WHAT YOU SHOULD DO
When you write out the listing below, keep each word exactly as it stands and drop the pictures.

START MATERIAL PROVIDED

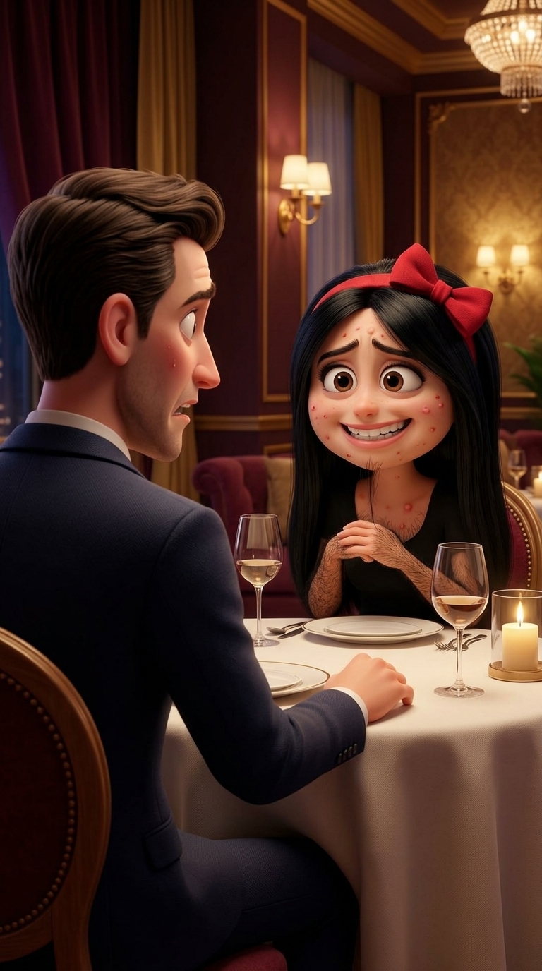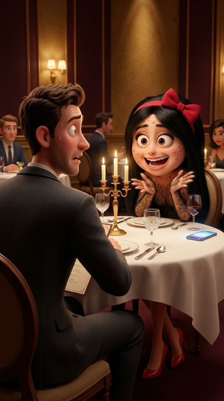 Strong rule: style --- 3D Pixar ---. Интерьер дорогого ресторана с накрахмаленными скатертями и мерцающими свечами. За столом сидит испуг...
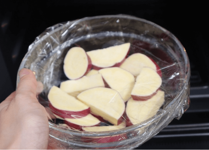 さつまいもの水気を切ったら耐熱皿に入れ、ふんわりラップをして電子レンジ600Wで5分間加熱します。
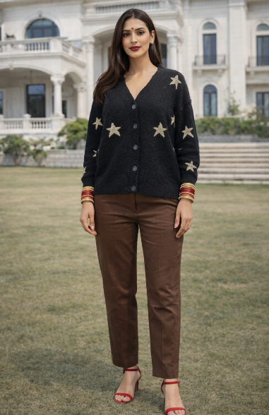 • Stylish black cardigan with gold star pattern
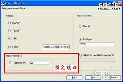蠕虫僵尸可通过这些远程连接的默认端口侵入,如通过HTTP Web 访问的80或8080端口、加密Web访问的443端口、SSH的22号端口等。因此,一台在非默认端口上接收连接的路由器更为安全。很多路由器在紧挨着远程连接设置功能的位置有一个端口(Port)字段,在此输入想要使用的端口号码。例如,键入路由器所在位置的面向互联网的IP地址,加上一个冒号,然后是端口号。如果是通过SSH进行连接,你需要在SSH客户端程序的连接设置中指定端口号。如下图3所示:

END MATERIAL PROVIDED

FINAL ANSWER
 Strong rule: style --- 3D Pixar ---. Интерьер дорогого ресторана с накрахмаленными скатертями и мерцающими свечами. За столом сидит испуг...
 さつまいもの水気を切ったら耐熱皿に入れ、ふんわりラップをして電子レンジ600Wで5分間加熱します。
 • Stylish black cardigan with gold star pattern
蠕虫僵尸可通过这些远程连接的默认端口侵入,如通过HTTP Web 访问的80或8080端口、加密Web访问的443端口、SSH的22号端口等。因此,一台在非默认端口上接收连接的路由器更为安全。很多路由器在紧挨着远程连接设置功能的位置有一个端口(Port)字段,在此输入想要使用的端口号码。例如,键入路由器所在位置的面向互联网的IP地址,加上一个冒号,然后是端口号。如果是通过SSH进行连接,你需要在SSH客户端程序的连接设置中指定端口号。如下图3所示:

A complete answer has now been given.